It was not until five years later, in 1929, that he began to publish papers about it.10 In fact, recognition came only after confirmation by Edgar D. Adrian (1889-1977) and Bryan Matthews (1906-1986), who presented their work to the British Physiological Society in May 1934. In an article in Brain in the same year, they proposed the eponym Berger rhythm in reference to the alpha rhythm, which they believed could be found occipitally. Berger’s role during the Nazi period — some sources originally claimed he was forced by the Nazis to retire and commit suicide because he disagreed with the regime — turned out to be less courageous than previously suggested.11

Figure 9. Albert Einstein’s EEG being registered and compared with other scientists at Massachusetts General Hospital in 1950.

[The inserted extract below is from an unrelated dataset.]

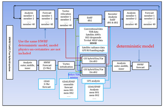 The HWRF DA system is one of the most important components in the operational HWRF. A special vortex initialization procedure was utilized to provide a first guess for data assimilation. The vortex initialization extracts the TC vortex from the HWRF 6 h forecast, and makes an adjustment to its size and intensity according to the storm message files or TC vitals, which is used by the NCEP and many other modeling groups to begin the process of running a hurricane model. The vortex in the 6 h forecast from the Global Data Assimilation System (GDAS) is then removed and replaced the adjusted vortex in the observed location. The technical details of the vortex initialization can be found in Liu et al. (2012) [17] and Tong et al. (2018) [18]. The TC inner-core DA assimilates the observations on top of the results of vortex initialization. Figure 1 describes the dual-resolution self-cycled DA system used in H217. The DA system used in the operational HWRF is a GSI-based hybrid EnKF Variation system, which uses either the 6 h forecast 80-member ensemble from the GDAS, or the 6 h forecast 40-member ensemble generated by the HWRF (self-cycled DA) to calculate the model background error covariance matrix. Due to the computer resource limit, the HWRF 40-member self-cycled DA system is only run for high priority TCs targeted at the National Oceanic and Atmospheric Administration (NOAA) P3 Tail Doppler Radar (TDR) missions. Details of the HWRF DA system can be found in Lu et al., 2017 [22] and Tong et al., 2018 [18]. An ideal TC inner-core DA system should include: 1. flow-dependent background error covariance matrix that is generated using the same dynamic model system; 2. the mass-wind balanced initial conditions to avoid model initial shock; 3. An ensemble that represents the realistic model uncertainties and forecast errors. The first two issues listed above have been addressed in H217 by implementing the dual-resolution self-cycled DA system and blending DA increments with vortex initialization in the inner-core area for storms with a maximum 10 m wind speed greater than 65 kt (Biswas et al., 2017 [23]). A realistic ensemble forecast error sampling will lead to a better estimate of model forecast background error covariances, hence a more realistic TC initial analysis. In H217, only uncertainties from model initial conditions, such as the TC initial intensity, initial position and initial large-scale flows, are accounted for through EnKF, while the uncertainties due to model physics are not considered.

The discovery of EEG had a huge impact, both on science and the general public. The latter has been fascinatingly described by medical historian Cornelius Borck in his book Hirnströme. Eine Kulturgeschichte der Elektroenzephalographie.13 His book was later translated into English.14

Figure 8. Hans Berger and the EEG of his 16-year-old daughter Ilse at rest (top), during a math problem (middle) and after she had solved it (bottom). The recordings were published in Berger’s 12th report of 1937.

Brain Organ

Some years ago, I received a box with historical material from the son of Dutch clinical neurophysiologist Willem Storm van Leeuwen (1912-2005). The box contained recordings from the 1950s carrying the name “Brain organ.” After digitization, I was able to hear the sonified EEG signal, a registration made by Jan Willem Storm van Leeuwen in the 1950s. The sound changed tone with the opening and closing of the eyes. He published a paper on it in 1958.15

As Storm Van Leeuwen had trained in Bristol with William Grey Walter (1910-1977) and in Cambridge with Adrian in the late 1940s, it is likely that he got the idea from the latter, who had written that by listening to the nerve discharge during an experiment, he had been able to save a lot of time and photographic material. Moreover, Adrian sometimes found it an advantage to be able to both hear and see the rhythm as he took the EEG from himself.16 Listening provided a useful complement to visual analysis, as several EEG phenomena could be more easily identified with hearing.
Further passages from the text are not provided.